Pressure had ramped up throughout this year from Congressmen and Short sellers. Once Silvergate’s annual reporting was delayed, the panic set in and the Crypto industry withdrew their money. One week later the bank was closed.
The regulatory pressure had turned an underwater bank into an insolvent bank.
The only word from banking regulators was a contentious warning in January that banking Crypto customers was “unlikely to be consistent with safety and soundness principles”. Regulators weren’t telling banks that they couldn’t service the Crypto Industry, but they were heavily implying that the scrutiny would ramp up.
When Silvergate collapsed, multiple Congressman immediately began to gloat, blaming risky Crypto for the downfall.
Senator Elizabeth Warren tweeted:
“As the bank of choice for crypto, Silvergate Bank’s failure is disappointing, but predictable. I warned of Silvergate’s risky, if not illegal, activity—and identified severe due diligence failures. Now, customers must be made whole & regulators should step up against crypto risk.”
Senate Banking Committee Chairman Sherrod Brown warned:
“As the impact of FTX’s collapse continues to ripple outward, today we are seeing what can happen when a bank is overreliant on a risky, volatile sector like cryptocurrencies. I’ve been concerned that when banks get involved with crypto, it spreads risk across the financial system and it will be taxpayers and consumers who pay the price. That’s why I am continuing to work with my colleagues in Congress and financial regulators to establish strong safeguards for our financial system from the risks of crypto.”

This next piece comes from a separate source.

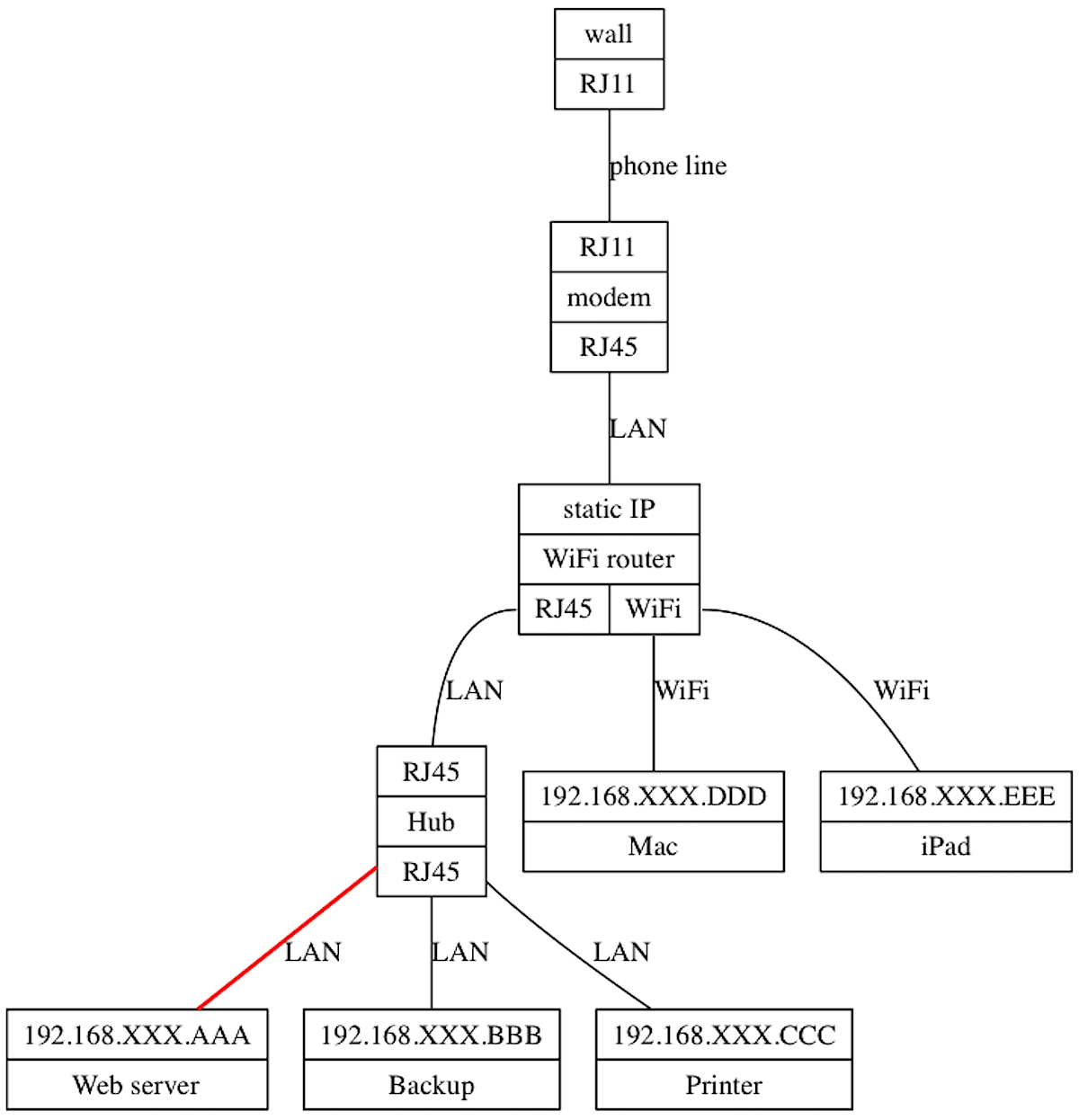 これが、ADSL時代のネットワーク構成。ADSLモデムとルーターは別の箱。ひとつの箱のやつも使ってたんだけど、ルーターが壊れたり、WiFiが調子悪くなったりしたときに、別の箱の方が楽だったので、別の箱で。Web Serverには、Private IPが割り振ってあって、Static IPはルーターに割り当てる。ルーターの設定で、ポートフォワードでhttpの80をWebサーバーに流す設定。

The collapse of Silvergate should have been a warning that the banking system was impaired. That bond portfolios across the sector were underwater and needed help. Instead it was taken as an opportunity to dance on the grave of a struggling industry.
The signs foreshadowing the broader banking crisis were there, but ignored in favor of blaming Crypto.
Who knows if the broader bank failures could have been prevented if the failure of Silvergate were taken seriously. The most suspicious part is that within two weeks both of the major Crypto banks have been shut down and there is no more real-time settlement network available to the Crypto industry.
Implications for the Crypto Industry
Silvergate itself was unique not in its willingness to provide deposit accounts to Crypto firms, but in its provision of real-time settlement to the industry. We will likely see significantly worse liquidity across exchanges as trading firms will need to wait for wire transfers to arbitrage between exchanges. The liquidity will become fractured, especially on weekends and overnight, if a solution is not found.
The broader problem will be getting banking services available to the industry again. Large firms will have no problem. Coinbase, Circle and Kraken already hold accounts with the major banks and should have no issue. The problem will be ensuring that trading firms, VC firms and startups have access to banking. It’s possible that the large banks will take them all in, but for now there are a huge number of firms that find themselves without the banking services they used to have access to.
The most dangerous part of this story is that it looks a lot like additional regulatory pressure was applied to banks that dared to service Crypto firms. It’s entirely possible that the failure of Silvergate gave a reason to take a hard look at other bank’s balance sheets and fomented the broader bank runs.
We also saw that banking regulators would not step in to backstop a bank that had fallen out of political favor. Almost all of Silvergate’s deposits were not covered by FDIC insurance and would have taken months to recover at a substantial loss. Lawmakers seemed gleeful that the notorious Crypto bank had failed.
A loss of confidence in one bank can easily turn into a loss of confidence in the banking sector. This is especially true for the American public that are deeply scarred by the banking failures of 2008. Silvergate almost certainly played fast and loose with their anti-money laundering procedures, but that’s what fines are for. The Crypto industry viewed the shutdown of Silvergate as an execution.
Silvergate was the first significant banking failure since 2017. It opened Pandora’s box.